Requirement: After finding the line containing "Copy of letter" below, please output that line and each following one through the line containing "通勤百搭加绒加厚休闲裤女宽松气球裤冬季款复古松紧腰九分阔腿裤", exactly as written.

Provided data:

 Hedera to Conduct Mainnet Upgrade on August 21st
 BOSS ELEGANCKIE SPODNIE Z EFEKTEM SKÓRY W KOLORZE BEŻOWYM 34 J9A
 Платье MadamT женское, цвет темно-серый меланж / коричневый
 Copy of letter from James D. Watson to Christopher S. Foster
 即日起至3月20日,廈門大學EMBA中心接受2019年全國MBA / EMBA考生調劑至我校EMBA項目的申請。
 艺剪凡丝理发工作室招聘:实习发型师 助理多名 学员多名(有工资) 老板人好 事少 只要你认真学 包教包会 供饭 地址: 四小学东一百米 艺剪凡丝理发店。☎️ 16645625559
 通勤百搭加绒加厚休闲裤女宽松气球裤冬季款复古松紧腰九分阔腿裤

--

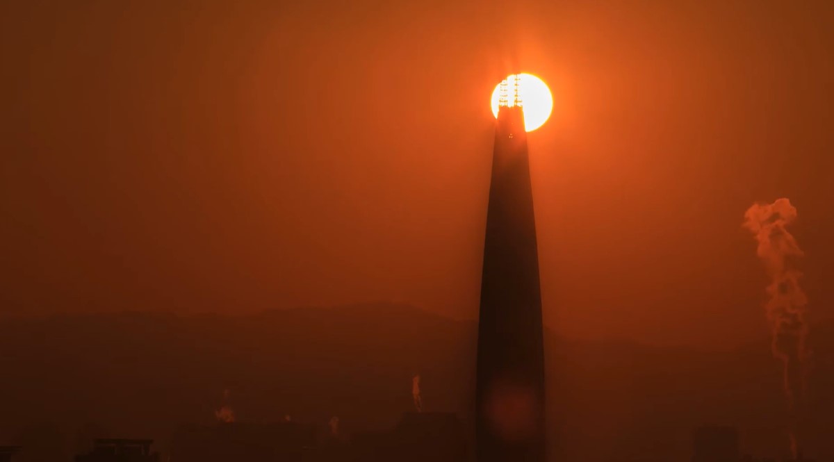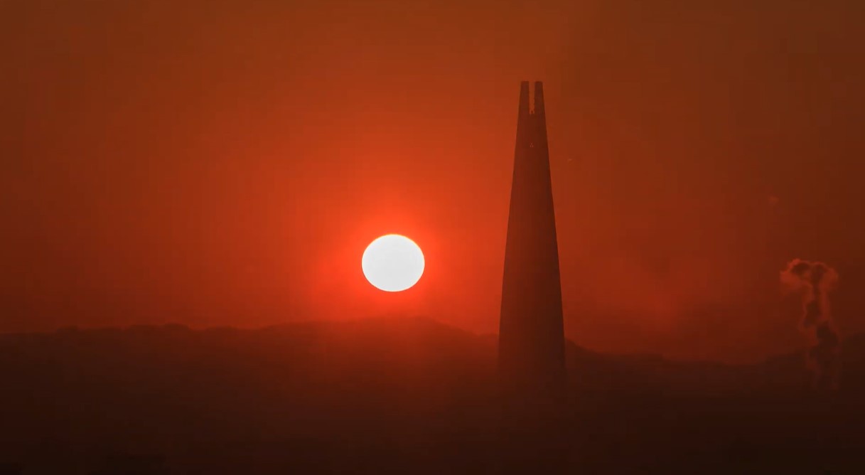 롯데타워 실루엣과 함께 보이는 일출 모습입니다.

Written solution:
 Copy of letter from James D. Watson to Christopher S. Foster
 即日起至3月20日,廈門大學EMBA中心接受2019年全國MBA / EMBA考生調劑至我校EMBA項目的申請。
 艺剪凡丝理发工作室招聘:实习发型师 助理多名 学员多名(有工资) 老板人好 事少 只要你认真学 包教包会 供饭 地址: 四小学东一百米 艺剪凡丝理发店。☎️ 16645625559
 通勤百搭加绒加厚休闲裤女宽松气球裤冬季款复古松紧腰九分阔腿裤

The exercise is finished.